2
votes

Users can upload files to Azure blob storage via my web API service. And the blobs have MD5 hashes.

Now another API lets the user download files they previously uploaded. The API returns:

return File(blobFile, MediaTypeNames.Application.Octet, file.FileName);

So the javascript client receives a byte array with a header

Content-Type: application/octet-stream

The question is how does the js client validate the MD5 of the downloaded file matches the one that is from the blob?

I tried some online MD5 tools and they don't give me the same MD5 as the blob...

1
Be aware that large files may not have MD5 property set "for free": stackoverflow.com/a/69319211/32453 I wonder if maybe the data is binary so you're not seeing it line up?rogerdpack

1 Answers

0
votes

I tried some online MD5 tools and they don't give me the same MD5 as the blob.

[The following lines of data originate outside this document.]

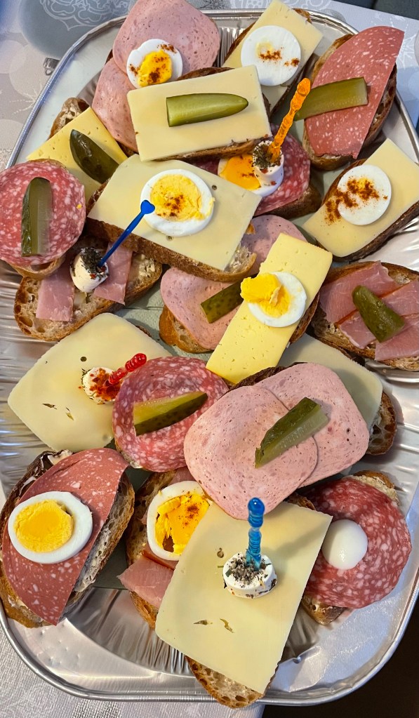 Gefrühstückt habe ich auch am ersten Tag im neuen Jahr ein Croissant mit Kräuterquark. Mittags aßen wir eine von meiner Mama zubereitete Fischsuppe und abends gab es die restlichen Speisen der letzten Tage.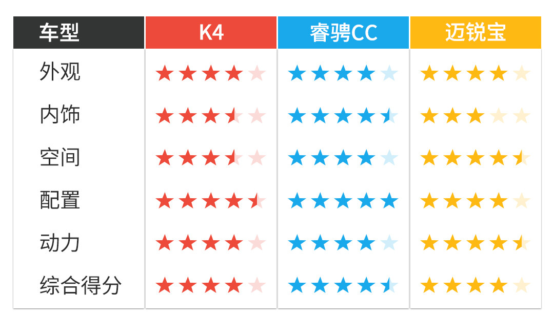 总的来说,睿骋CC是注重配置的人群最好的选择,喜欢动力,驾驶起来激情的消费者选择迈锐宝会符合您的预期,如果喜欢实用,配置相对丰富的K4会满足您。12万起就能买到中型车,还买什么威朗高尔夫?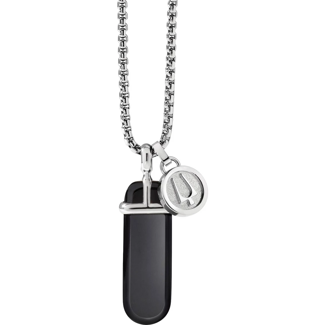 From the Classic Collection, this men’s necklace with semi-precious black onyx pendant has the signature Bulova tuning fork charm set in stainless steel. Black onyx is believed to aid the development of physical strength and stamina and is a powerful protection stone. One size fits all. The round box link chain that is adjustable from 26 in. to 28 in. and secures with a Signature lobster claw closure. Pendant dimensions: 36mm x 12mm x 4.2mm. Style: J96N007.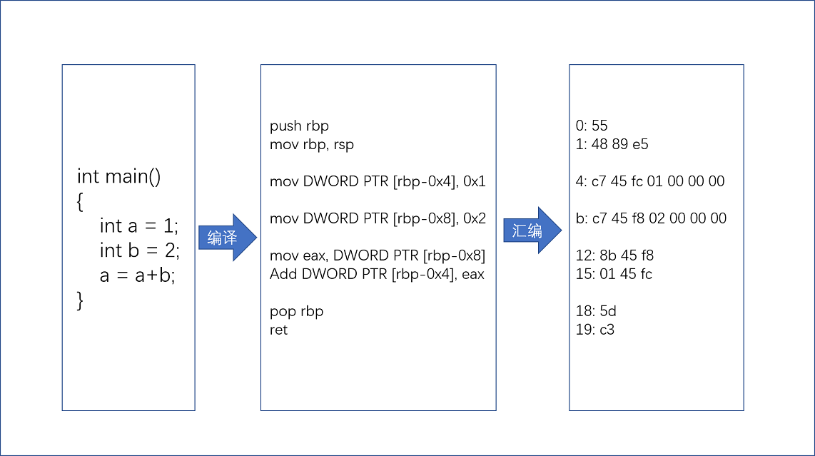 从高级语言到汇编代码,再到机器码,就是一个日常开发程序,最终变成了CPU可以执行的计算机指令的过程。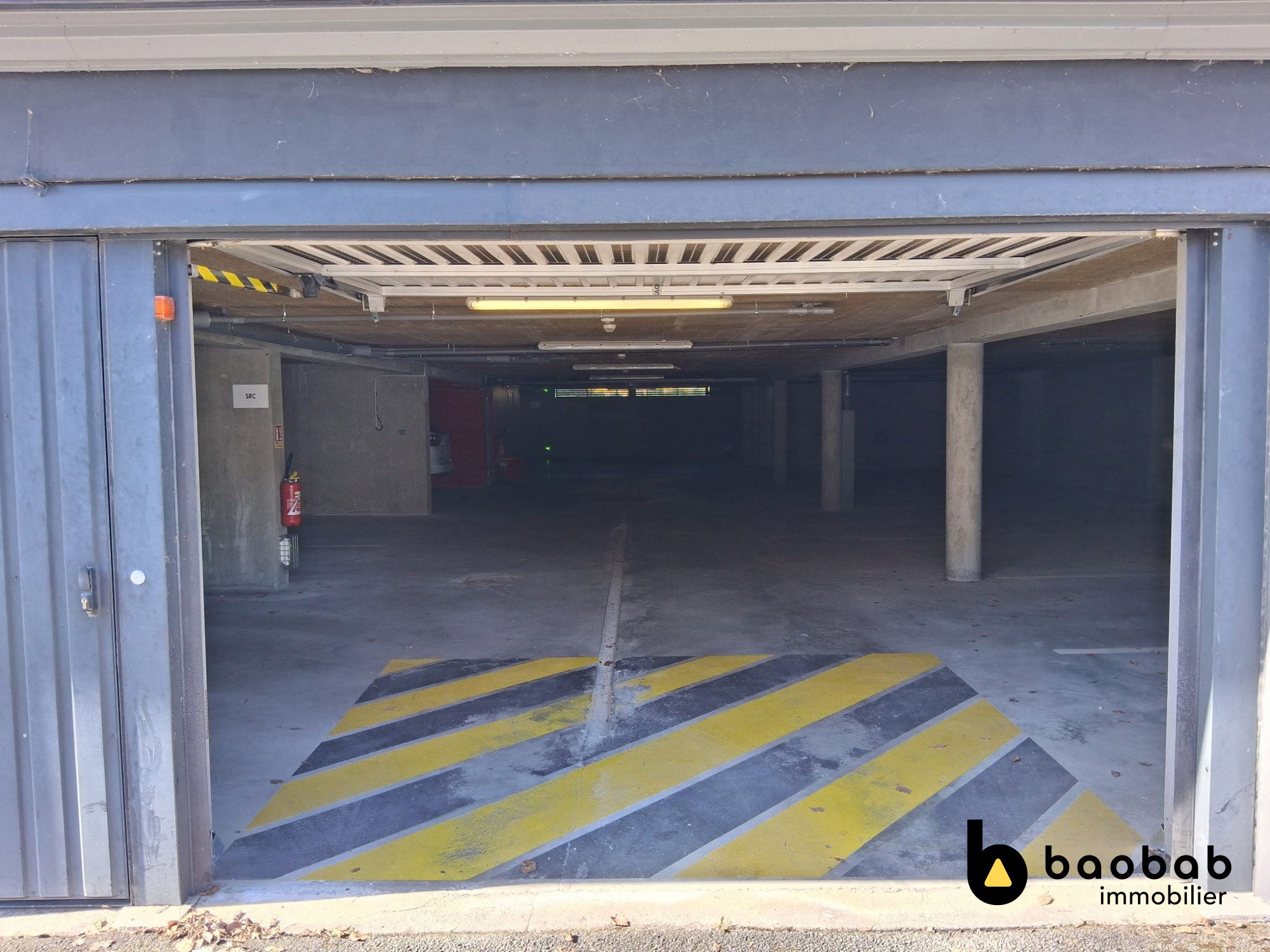 Ce garage en sous-sol bénéficie d'un accès sécurisé par porte motorisée et barrière, avec système d'ouverture par badge.

The online MD5 has different algorithms with the blob MD5 hash.

The example below shows how a client can validate the blobs MD5 hash once all the data is retrieved.

// Validate MD5 Value
var md5Check = System.Security.Cryptography.MD5.Create();
md5Check.TransformBlock(retrievedBuffer, 0, retrievedBuffer.Length, null, 0);     
md5Check.TransformFinalBlock(new byte[0], 0, 0);

// Get Hash Value
byte[] hashBytes = md5Check.Hash;
string hashVal = Convert.ToBase64String(hashBytes);

if (hashVal != blobRef.Properties.ContentMD5) 
{
     throw new InvalidDataException("MD5 Mismatch, Data is corrupted!");
}

Also when you upload blob to storage, if you set the validate_content(bool) parameter to true, it will calculates an MD5 hash for each chunk of the blob.

The storage service checks the hash of the content that has arrived with the hash that was sent. This is primarily valuable for detecting bitflips on the wire if using http instead of https as https (the default) will already validate. Note that this MD5 hash is not stored with the blob.